New domains are always exciting, and if you can remember the most recent major one (.me) you will remember the vast amounts of money are usually spent as people bid for the best of the selection. However .tel will not involve vast amounts of money or even much media coverage, because it is something different and a new way of looking at domain names.
These domains will not be about websites, but more of a way of sharing the information of the domain owner, and will not involve any building, hosting or managing. They are effectively domains that tell you all about the domain owner, such as their business, their address and their phone number: a bit like an online contact card.
The company in charge of operating this is Telnic, the communications director of which is Jusitn Hayward who’s .tel domain is “www.justin.tel“. This is a good example of how this will be used, people will be able to give other people their .tel domain and they can easily find their contact details in one easy to remember place.
Currently (i.e as of 3pm GMT) it is only open to trademark owners, but at some point it will be open to the public although Telnic is cautious of spamming.
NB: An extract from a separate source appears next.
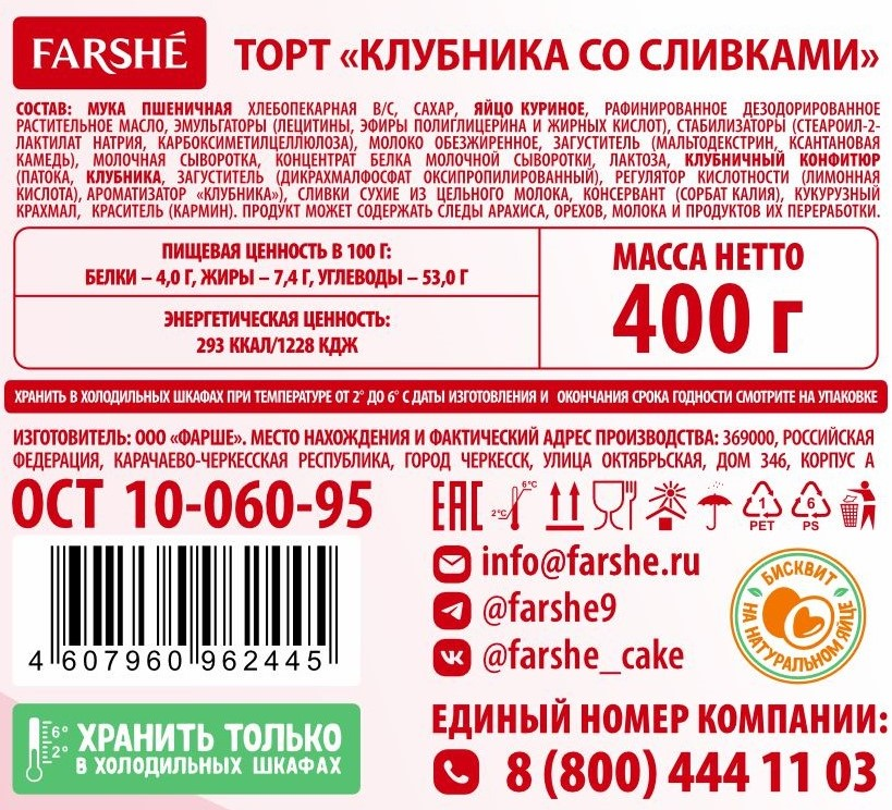 Мука пшеничная хлебопекарная, сахар, яйцо куриное, рафинированное дезодорированное растительное масло, эмульгаторы лецитины, эфиры полиглицерина и жирных кислот стабилизаторы стеароил-2-лактилат натрия, карбоксиметилцеллюлоза, молоко обезжиренное, загуститель мальтодекстрин, ксантановая камедь, молочная сыворотка, концентрат белка молочной сыворотки, лактоза, клубничный конфитюр патока, клубника, загуститель дикрахмалфосфат оксипропилированный, регулятор кислотности лимонная кислота, ароматизатор Клубника, сливки сухие из цельного молока, консервант сорбат калия, кукурузный крахмал, краситель кармин.

However this will have many advantages for the public, as it will be capable of combining many applications — meaning you can start a chat or phone call with the person in question at the click of a button.
There will also be a search feature allowing you to find people by a whole number of criteria and Telnic also plan to release a directory called telpages.com in next year, which will make finding people even easier. Of course, there will be a cost (which will help alleviate the problem of spammers) when it does go public and it all depends on how desperate for your own name domain.
The “sunrise” period of trademark owners (around $350 for 3 years) only will end on the 2nd February after which anyone can pay a premium price (around $150) to get their domain before the price falls on March 24th (to around $20). This is an incredibly clever scheme by Telnic: getting as much money as they can from the people who really want their own name domain, but also opening up to the wider audience. I wonder if there will be an extra charge for popular names? I think that would be a bit too far!
All in all this is a great idea, making it possible to easily give people your contact details and making communications easier. The only problem really is if you have a very popular name as you may end up having a horrifically complicated domain, but I will be laughing come March 24th because I doubt there are any other people called Christian Milsom out there!